The wiretap involved was conducted by agents of the Bureau of Narcotics and Dangerous Drugs (BNDD), pursuant to an order issued on October 16, 1970, and an extension order issued on November 6, 1970, both by Chief Judge Northrop of this court (Misc. No. 739-N). On October 8, 1970, Chief Judge Northrop had signed an order (Misc. No. 737-N) authorizing agents of the BNDD to utilize a device euphemistically known as a "pen register" to record the telephone numbers called from a telephone subscribed by a person subsequently identified as Dominic Nicholas Giordano. The pen register order was also extended by subsequent orders of Chief Judge Northrop, dated October 22, 1970, and November 6, 1970.

The motions raise serious questions relating to the constitutionality, scope, and meaning of Title III of the Omnibus Crime Control and Safe Streets Act of 1968. Pub.L. 90-351, Title III, § 802, June 19, 1968, 82 Stat. 112-223; 18 U.S. C. §§ 2510-2520. Due primarily to a lack of precedent in this circuit on most of the points raised in the motions, the court attempted to act cautiously in guiding the hearings which were conducted at great length. Both the defendants and the government were allowed great latitude in their attempts to sustain their respective factual and legal positions. As will become apparent from this opinion, this court believes that future hearings on motions to suppress filed in other wiretap cases can be substantially shortened and should be conducted generally in the same manner as hearings on search warrants and similar questions.

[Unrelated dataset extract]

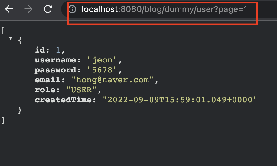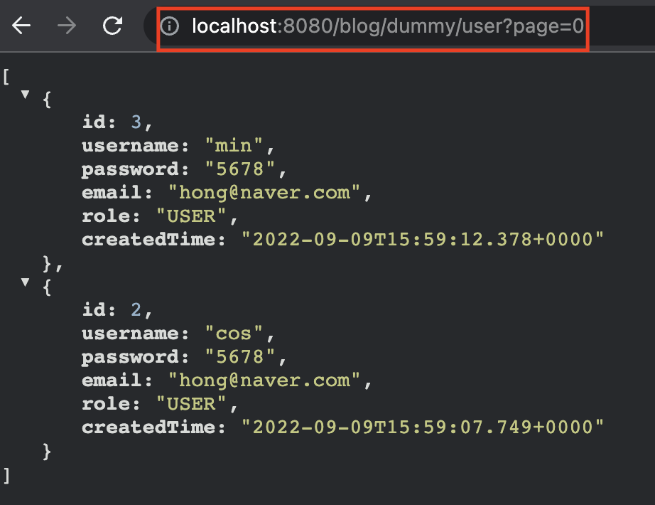 한 페이지당 2건의 데이터를 리턴 받을려고 적용해보겠다.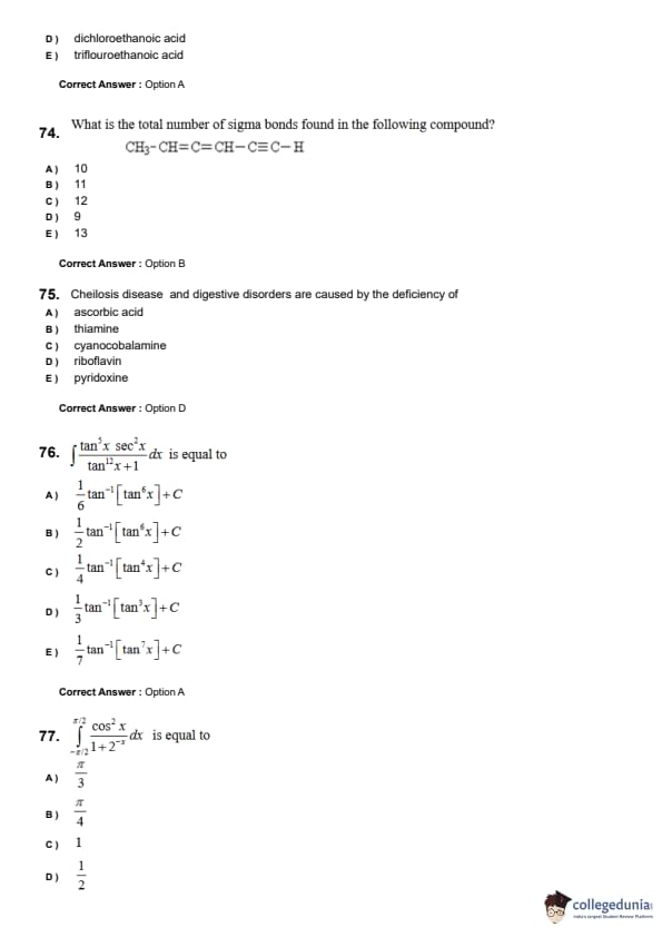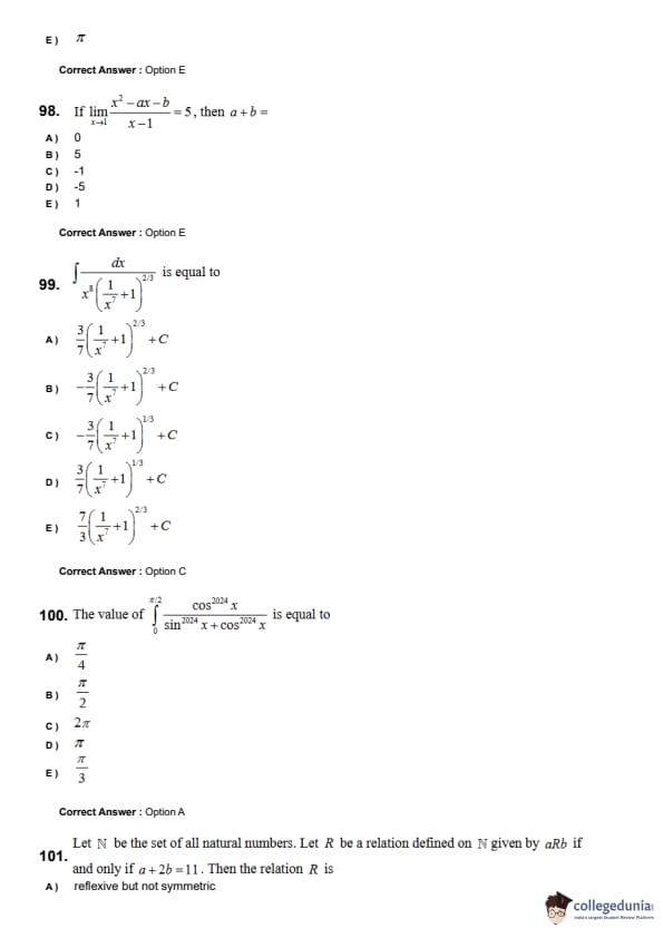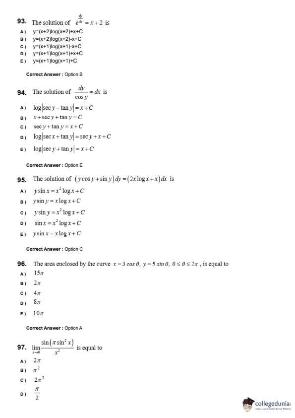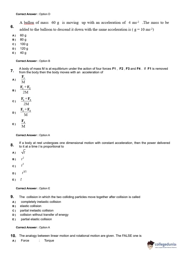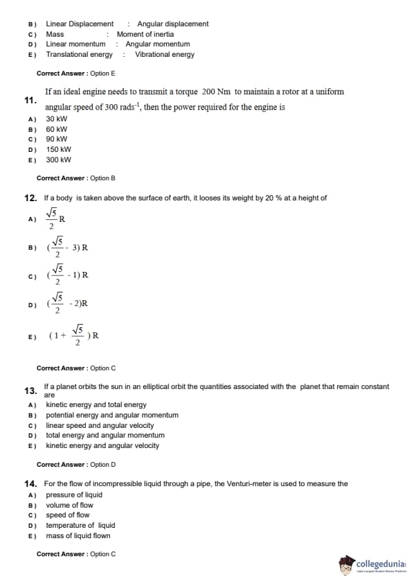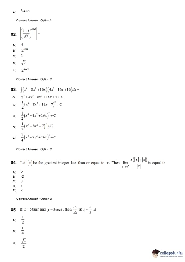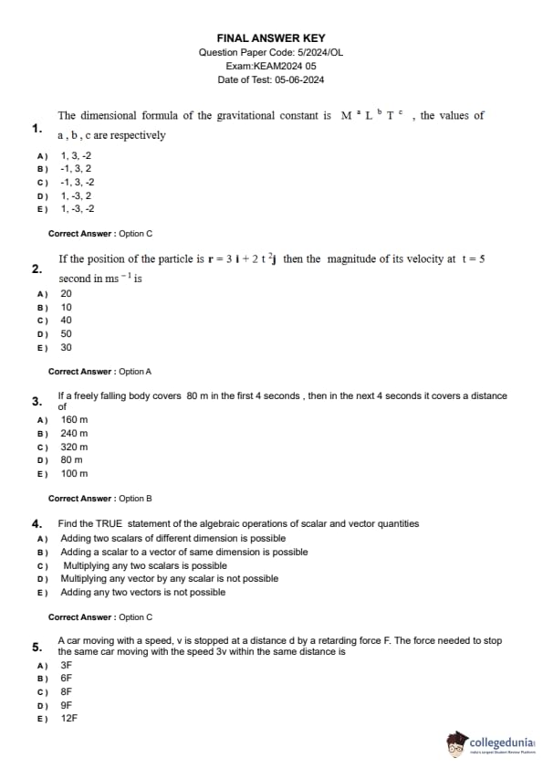 | KEAM 2024 (June 5) Question Paper with Answer Key | Check Solution |

In the course of this opinion the points raised by the motions will be discussed. The factual background necessary for the resolution of the respective issues presented will be set forth in the respective sections of this opinion pertaining to the pertinent issue.

I The Constitutionality of Title III

Title III of the Omnibus Crime Control and Safe Streets Act of 1968, 18 U.S.C. § 2510 et seq., is an attempt by Congress to "... prohibits all wiretapping and electronic surveillance by persons other than duly authorized law enforcement officials engaged in the investigation of specified types of major crimes after obtaining a court order ..." and by certain other strictly limited classes of persons. 1968 U.S. Code Cong. & Admin.News, p. 2113. In the legislation Congress reaffirmed the Fourth Amendment requirement of prior judicial authorization for electronic surveillance and attempted to comply with the standards enunciated in Berger v. New York, 388 U.S. 41, 87 S.Ct. 1873, 18 L.Ed.2d 1040 (1967) and Katz v. United States, 389 U.S. 347, 88 S.Ct. 507, 19 L.Ed.2d 576 (1967). Ibid. The defendants contend that the statute violates the prohibitions of the Fourth Amendment against unreasonable search and seizure.

It is elementary constitutional law that the Fourth Amendment does not prohibit all searches and seizures but only those that are unreasonable. Carroll v. United States, 267 U.S. 132, 147, 45 S.Ct. 280, 69 L.Ed. 543 (1925). Historically, the amendment was conceived with the idea of protecting the individual against the "general warrant" and safeguarding his privacy and security against arbitrary invasions by governmental officials. Camara v. Municipal Court, 387 U.S. 523, 528, 87 S.Ct. 1727, 18 L.Ed.2d 930 (1967). The determination of the constitutionality of Title III — and particularly 18 U.S.C. § 2518 — therefore rests on the question whether it "is so broad as to result in the authorization for a general warrant permitting an unreasonable search and seizure in violation of the 4th Amendment." United States v. Scott, 331 F.Supp. 233 (D.D.C.1971).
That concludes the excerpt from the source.